Computer aided selection of SCCmec typing marker sets
Objectives
SCCmec is the defining feature of MRSA. It is a large mobile genetic element that exhibits complex diversity. SCCmec typing and subtyping is extensively used in combination with multilocus sequence typing to define MRSA clones. In general the five SCCmec types are defined on the basis of the combination ccr and mec classes, and the subtypes defined by variation involving recombination and the activity of mobile genetic elements in the “junkyard” regions. However, as more SCCmec elements are analysed, more homoplastic variation is revealed, and it is increasingly difficult to define an internally consistent hierarchical classification system. The objective of this study was to take a deliberately naïve approach to the development of an SCCmec typing method, with the hypothesis being that this will be straightforward and the marker set will be highly discriminatory.
Methods
Every known SCCmec variant was regarded as an array of present or absent binary elements, and converted into a pseudo-DNA sequence. In this way the sum of knowledge regarding SCCmec diversity was converted into a pseudo-sequence alignment. This was analysed using the computer program Minimum SNPs so as to identify sets of binary markers with optimised Simpson’s Index of Diversity (D).
Results
The sets of binary markers obtained possessed greater resolving power than the conventional marker sets.

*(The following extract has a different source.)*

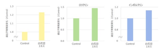 表皮のバリア機能に関わる3つの遺伝子について発現量の変化を確認しました。トリセルリンは、表皮の上層にあって細胞間の隙間を閉じ、異物の侵入や水分の喪失を防ぐもの、ロリクリン・インボクリンは共に、角層を丈夫にし、外部刺激や乾燥から皮膚を守る働きがあります。白花豆エキスはこれらの働きをより活性化させることが示唆されました。

For example, six binary targets can resolve 21 SCCmec variants. This emphasises the homoplastic nature of SCCmec variation and consequent difficulty of generating a strictly hierarchical typing scheme. Nevertheless, the types defined by this marker set were broadly consistent with accepted SCCmec nomenclature, and it was possible to modify the marker set slightly so to make concordance with accepted nomenclature essentially complete. A third marker set was developed that was biased towards resolving the most commonly encountered variants. A key for conveniently working backwards from binary marker genotypes to SCCmec types was assembled. Finally, it was demonstrated that mecA single nucleotide polymorphisms (SNPs) could be added to the pseudo-sequence alignment so as to make an alignment that contains both binary marker and SNP information. Analysis of this using Minimum SNPs provided a D-maximised marker set that is a mixture of binary markers and SNPs.
Conclusions
Computerized derivation of markers for SCCmec typing is conceptually simple and highly effective.